Mill’s attorneys had asked for a new trial based on credibility issues with former Philadelphia police officer Reginald Graham, who was the only officer to testify at Mill’s original trial on his 2007 arrest. The Philadelphia district attorney’s office supported the request after placing Graham on a list of unreliable police witnesses.
Judge Genece Brinkley said late Monday she was not convinced that Graham was not a credible witness in Mill’s case. She wrote that if evidence that the former officer may have lied or stolen money was presented at his original trial, she believed it would not have changed the verdict. Mill had waived his right to a jury trial and opted to let Brinkley decide his case in 2007.
Brinkley sentenced Mill in November to two to four years in prison for violating probation. Mill served five months before the state Supreme Court ordered his release on bail.
Mill’s attorneys tried unsuccessfully to have Brinkley removed from his case, but said they plan to again seek to have her removed based on issues with the opinion and her conduct at the new trial request hearing.

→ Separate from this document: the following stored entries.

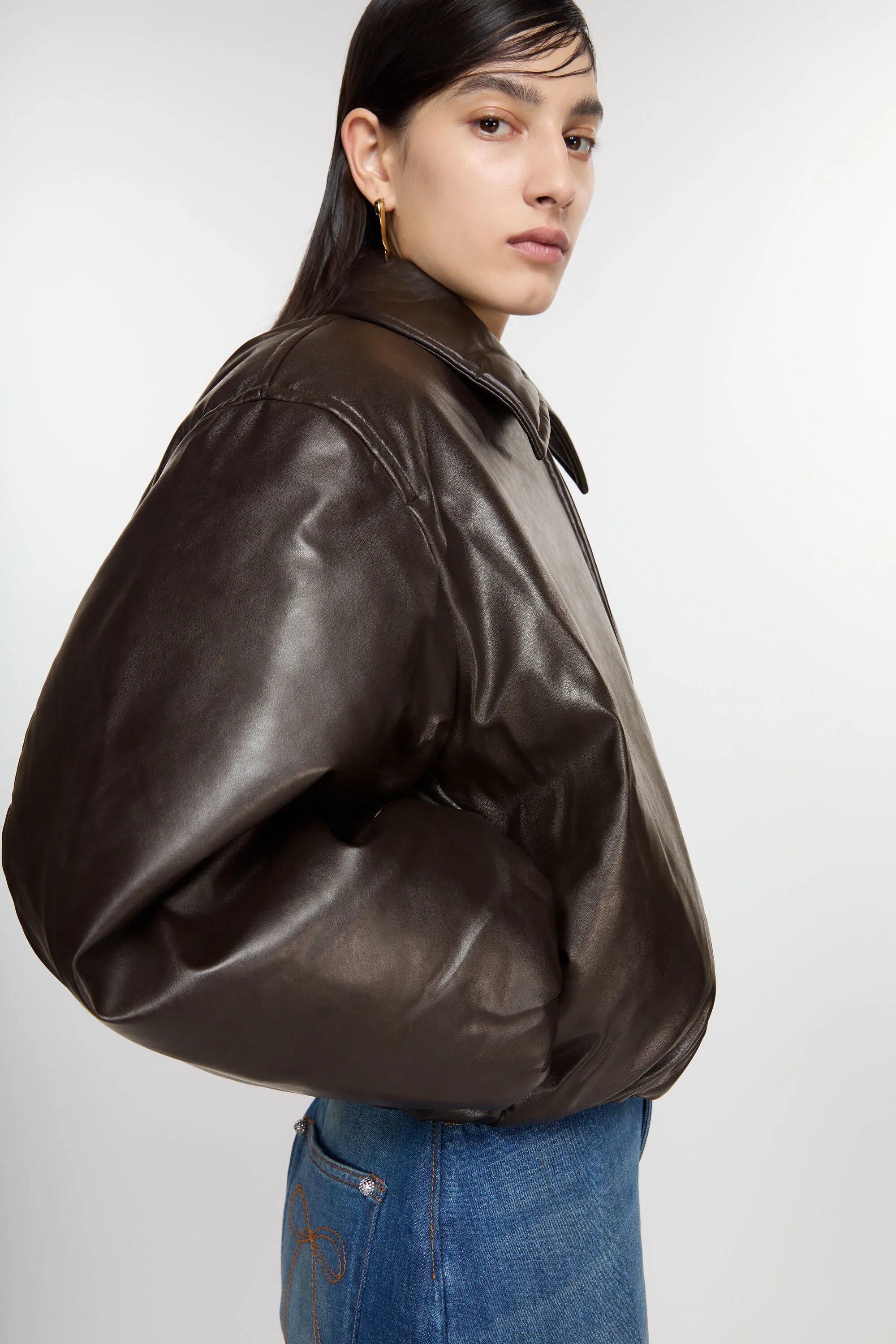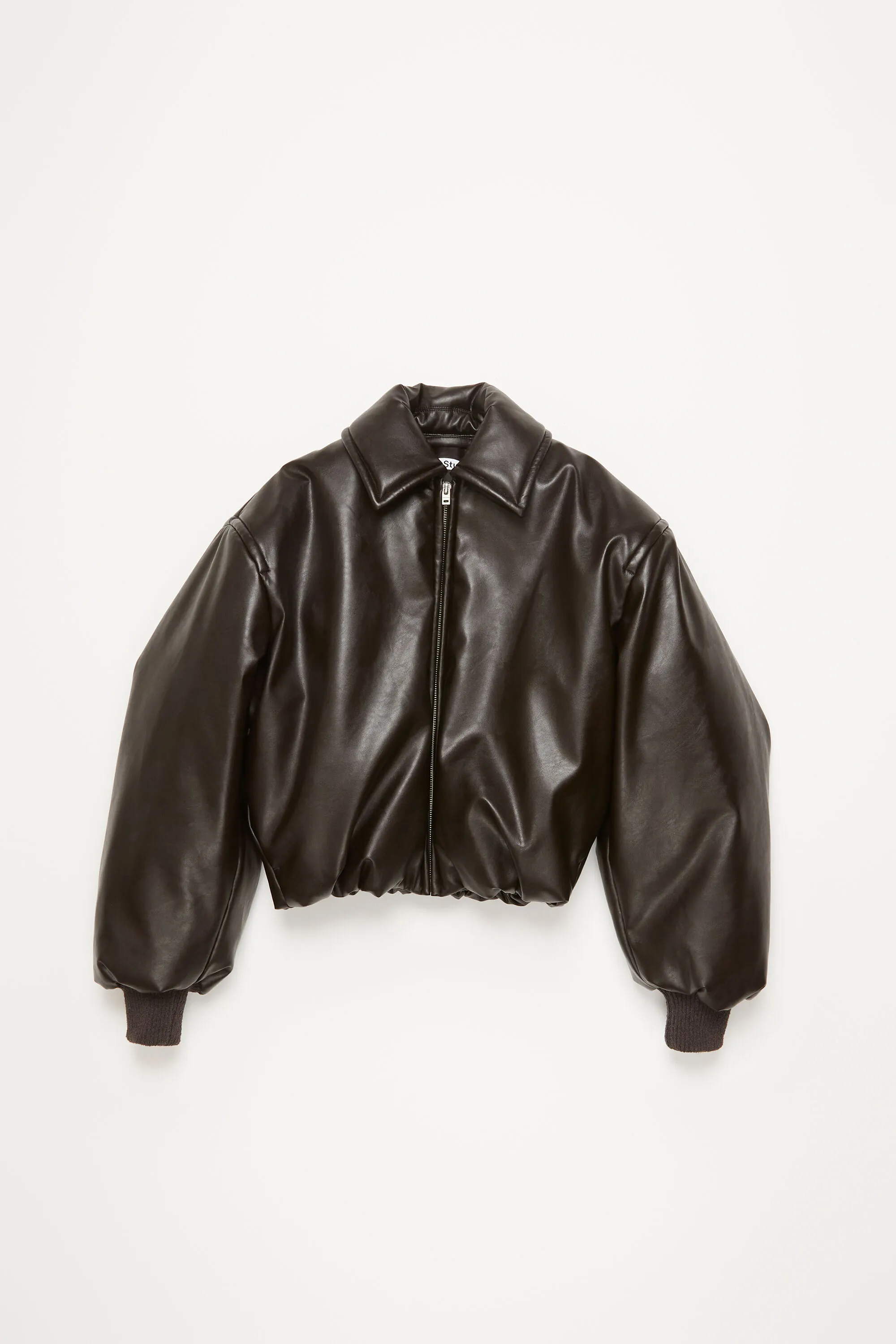 Куртка-бомбер имеет кожаную отделку с покрытием, застежку на молнию, боковые карманы и нашивку с логотипом Acne Studios на спине. Обрезка свободного кроя со спущенными плечами и длиной бедер.
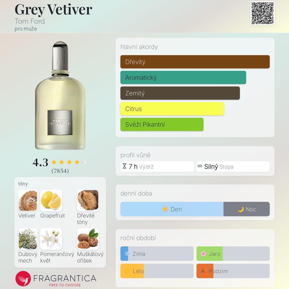 Grey Vetiver podle Tom Ford je Woody Spicy vůně pro muže. Grey Vetiver byl/a uveden/a v roce 2009. "Nosem" za touto vůní je Harry Fremont. Vrchní tóny jsou Grapefruit, Pomerančový květ a Šalvěj; střední tóny jsouMuškátový oříšek, Kořen orris a Jamajský pepř ; základní tóny jsou Vetiver, Dřevité tóny, Dubový mech a Jantar (ambra).
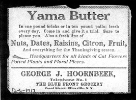 Advertisements for Yama Farms dairy products appeared regularly in local newspapers. One wonders whether the butter sold in this Ellenville grocery store bore the imprint of the Yama-no-uchi ideogram as did the butter served to the Inn’s guests.
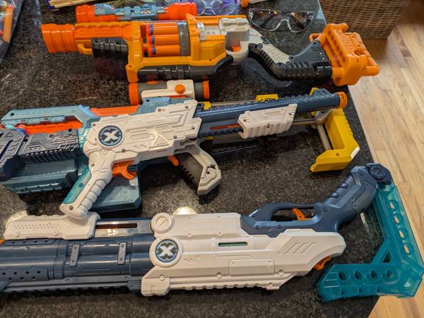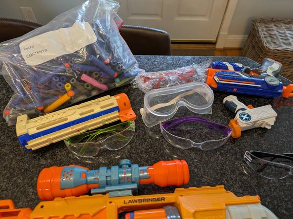 Multiple nerf guns, ammunition, vest and goggles. Be prepared for the next nerf gun war!
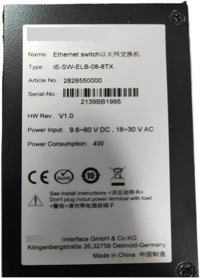 Industrial Switch, Fast Ethernet Switch IE-SW-ELB-08-8TX 2828550000

Attorneys for Mill said Brinkley indicated during the hearing that she planned to rule against Mill, noting she said she was entering things into the record for appeal.
“Well, the only way something goes to an appeal is if she denies our motion,” said Jordan Siev, one of Mill’s attorneys. “It’s obvious by the way this whole thing was conducted, that it was a sham. She came at this with a thesis and she twisted the evidence to fit the outcome she wanted.”
Prosecutors and the defense attorneys stipulated that another judge had granted similar requests for new trials in three other cases involving Graham.
Siev noted what he said were other issues in Brinkley’s ruling, including a footnote that said the judge felt the attorneys were pitting her against the other female judge who had granted retrials. Siev also pointed to a footnote where Brinkley compared their argument that evidentiary hearings are unusual in these requests to an argument that slavery was accepted until someone said it wasn’t right.
“In what world do you draw this conclusion? It literally has no basis in reality. I have no idea why she would feel the need to put any of that in there,” Siev said.
Brinkley also raised concern that new District Attorney Larry Krasner, who had been involved in cases involving police corruption issues previously, might have a conflict of interest in deciding the officer’s testimony was not credible.
Ben Waxman, a spokesman for Krasner’s office, declined to comment on the opinion, saying the office respects the independence of the judiciary.